As well, they'd have to be monitoring internal traffic, not just outgoing, as
with one of these plugged in an attacker would be on the internal network.
Most likely this type of attack would have to be detected by noticing that
someone was accessing files, or trying to anyway, they had no business
accessing rather than network traffic per se.

I like the idea of a signal booster. That is actually a great idea for
disguising these things. I've seen these things before and figured it would be
best to just run the Ethernet behind a printer or something and hope that
people don't notice it was still continuing on past the device, but your idea
is even better. Everyone complains on some level about their Internet, just
install the 'signal booster' to give them a stronger connection. ;-)

------
someone13
I built a similar device myself, following instructions given at [1]. Very
handy little device, for multiple non-malicious reasons. I can carry a
wireless router, power supply and cable around in my jacket pocket, and you
can do fun stuff like telling the wireless router to transparently send all
traffic through something like OpenVPN (or Tor, if you're paranoid). Makes
security in potentially hostile environments very straightforward.

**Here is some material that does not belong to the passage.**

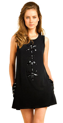 A large tonal beading in a star pattern makes Melissa Odabash's black crepe jersey sleevless a-line dress a playful cocktail choice. Elevate this elegant style with colour-pop pumps and an oversized leather clutch for effortless cocktail cool.
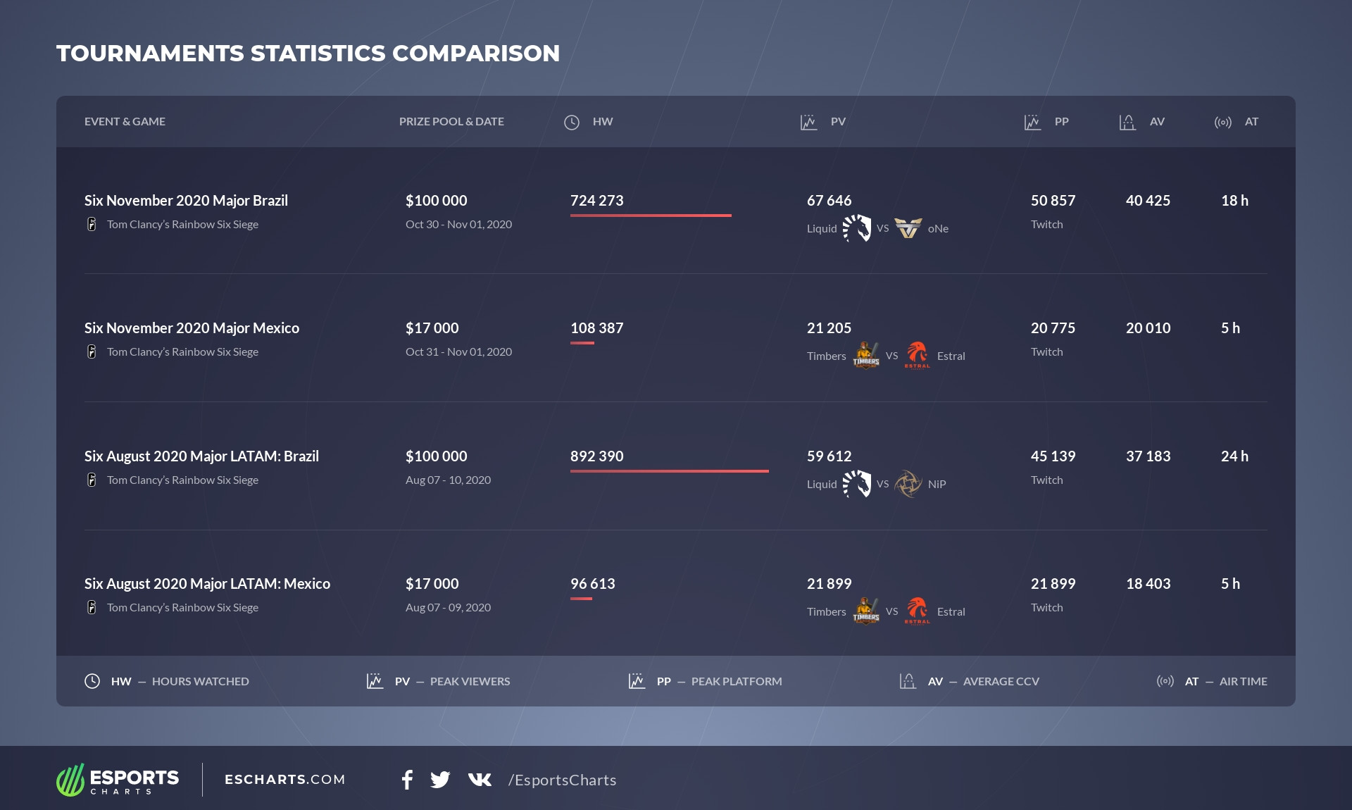 The Brazilian tournament was the more popular of the two, with its final being watched by 67 thousand peak viewers. Also, when compared to the previous competition in the series, the peak and average viewers of Six November 2020 Major Brazil were improved by 13% and 8%, respectively.

[1]: <http://www.minipwner.com/>

------
Juha
It's interesting that the article never mentions that to use that he had to
find a power plug with a free ethernet plug next to it. That might not be
trivial in all environments. It gets a lot more suspicious if he has to search
for that for a long time in the bank. Also someone might question the why the
ethernet cable is there at some point. Just saying the article makes it sound
easier it actually is for a non technical person.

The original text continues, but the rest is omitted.